Non seulement étranger à lui-même, Calisson s'éprouve aussi comme un autre aux yeux des siens quand il décline son identité au tribunal pour tenter d'innocenter sa fille : « _ Laissez-moi parler. Je demande à être entendu comme témoin à décharge. Le Président : _ Qui êtes-vous ? Calisson : _ Le père de la complice de l'accusé, M. le Président, Calisson Victor, né à Paris. Sylvia : _ Ce n’est pas vrai, M. le Président ! Ce n’est pas mon père ! C’est pourtant bien sa voix, mais ce n’est pas sa tête. Laurent : _ C'est vrai. Celui-ci a l'oeil plus vif et l'air moins abruti que mon futur beau-père. Calisson : _ Voyons Laurent, Sylvia ! Mais je suis bien ton père ! Je t'expliquerai plus tard. » (1h33’33'') Cette demi-reconnaissance vaut encore mieux que la disparition totale d'un être vivant de la mémoire de ses proches. C'est l'histoire de l'effacement vécu par George Bailey, selon son voeu pris au mot par Clarence, dans La vie est belle : en dépit des apparences, il n'a jamais existé. Symétrique sur terre de son ange-gardien omniscient, George connaît tout le monde sans que personne ne le reconnaisse. De quoi devenir fou. Marc Cerisuelo, dans une émission consacrée au film dit que ça renvoie philosophiquement à des idées sur la métaphysique du possible et de l'impossible et notamment au « Songe de Théodore » dans La théodicée de Leibniz, où le meilleur des mondes possibles ne peut être donné qu'en comparaison avec des mondes qui n'arrivent pas l'existence. Donc, on a cette idée que le personnage de Sextus Tarquin devra accomplir ce à quoi il est destiné - violer Lucrèce - pour que l'histoire de Rome puisse suivre son cours (26'50'') (Les chemins de la philosophie par Adèle Van Reeth, Philosopher avec Capra 4/4, 09 mars 2017).

George Bailey croit halluciner après avoir sonné à la porte de la maison de sa mère qui l'a pris pour un fou (James Stewart dans La vie est belle, Frank Capra).
Plus loin, Adèle Van Reeth lit un extrait de La projection du monde, de Stanley Cavell : Il y a une séquence du film de Capra qui est aussi subjonctive que possible pour un fragment de film. C’est la séquence où est exaucé le vœu de n’être jamais né. Et elle est filmée et jouée de façon normale, sans repères conventionnels qui signaleraient qu’elle est séparée du reste du film. Il est vrai que nous, en tant que spectateur, n’avons aucun doute quant au déplacement du plan de la réalité. Mais le personnage avec lequel nous nous identifions est torturé précisément par ce doute-là. C’est l’expression du doute quant à la valeur de son existence. Et puisque cette valeur se définit explicitement en fonction de la différence que sa vie a constitué dans le monde, on peut dire que le doute porte sur son identité. Ce qui apparaît clairement au moment le plus fort de cette séquence, lorsqu’il aborde avec angoisse successivement ses amis, sa mère, sa femme pour leur demander violemment : « _ Vous ne me reconnaissez donc pas ! Alors dites-moi qui je suis ! » (30’40’’) À la fin de cet épisode cauchemardesque dont il ne revient pas indemne, la vie de George Bailey prend évidemment une autre saveur et fait l'objet d'une célébration permanente.

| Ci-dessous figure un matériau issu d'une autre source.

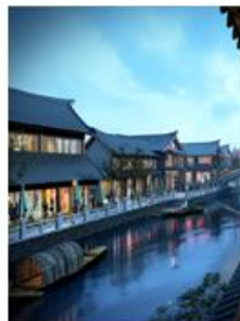
河南漯河天明戏曲文化园

Dans les dernières minutes de L'homme invisible, c'est le spectateur qui fait l'expérience de la connaissance d'un homme dont il n'a jamais vu le visage. Considéré ainsi mort, il retrouve un semblant d'humanité. Le visage de Jack Griffin remonte à la surface du visible dans un fondu-enchaîné laissant d'abord apparaître un crâne puis une face. La banalité de cette tête rendue physiologiquement aux vivants (sa fiancée Flora accompagnée de son père médecin sont à son chevet) contraste avec l'horreur des meurtres perpétrés sans pitié par un homme devenu sa propre créature.

L'homme invisible, James Whale.
L'acteur Claude Rains jouera 8 ans plus tard un ange-gardien au service d'un « mort-vivant » en quête de corps dans Le défunt récalcitrant d'Alexander Hall (1941).